● **Work instructions**
Your copy should begin at the line containing "The exercises are" and end at the last line of the records below, matching each line exactly and leaving out pictures.
^^^^
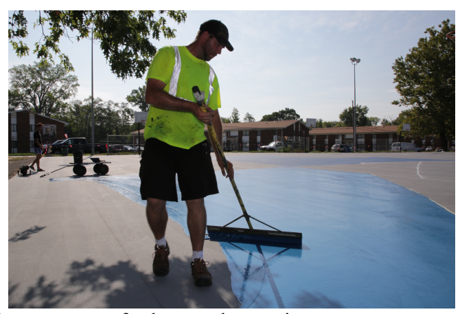
Use squeegees for large color sections
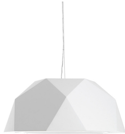
Shown in white / white

The Crio Pendant collection is designed for larger scale spaces. The collection is the result of the studies made by designer, Gio Minelli, on the polyhedrons of Archimedes and the techniques for producing aluminum sheeting, and his painstaking research to create a balance between shape and thought. The Crio is available in a painted aluminum or wood veneer over aluminum finish with an opaline PMMA diffuser. The 70.8 inch option is only available in White finish with integrated LED.
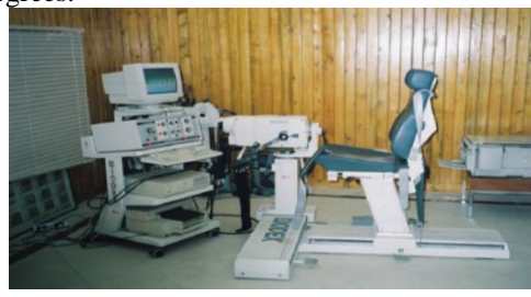
Fig (2) Biodex Isokinetic dynamometer Statistical analyses

The exercises are focused on PNF exercises and balance exercises and a full range of movement of 150 degrees.
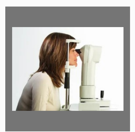
Topograher Model E300
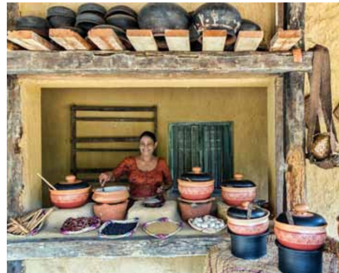
Kumbuk serves typical Sri Lankan village fare, al fresco
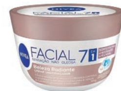
F.T.CR.NIVEA PELE NEGRA 100G 4005900950987
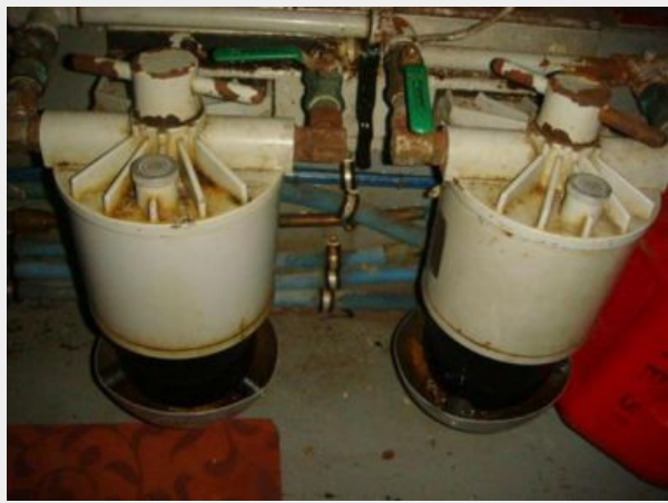
52' Hatteras Dahl fuel filters
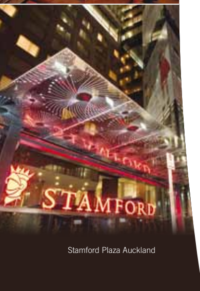
Stamford Plaza Auckland
^^^^
● **Result below**
The exercises are focused on PNF exercises and balance exercises and a full range of movement of 150 degrees.
Topograher Model E300
Kumbuk serves typical Sri Lankan village fare, al fresco
F.T.CR.NIVEA PELE NEGRA 100G 4005900950987
52' Hatteras Dahl fuel filters
Stamford Plaza Auckland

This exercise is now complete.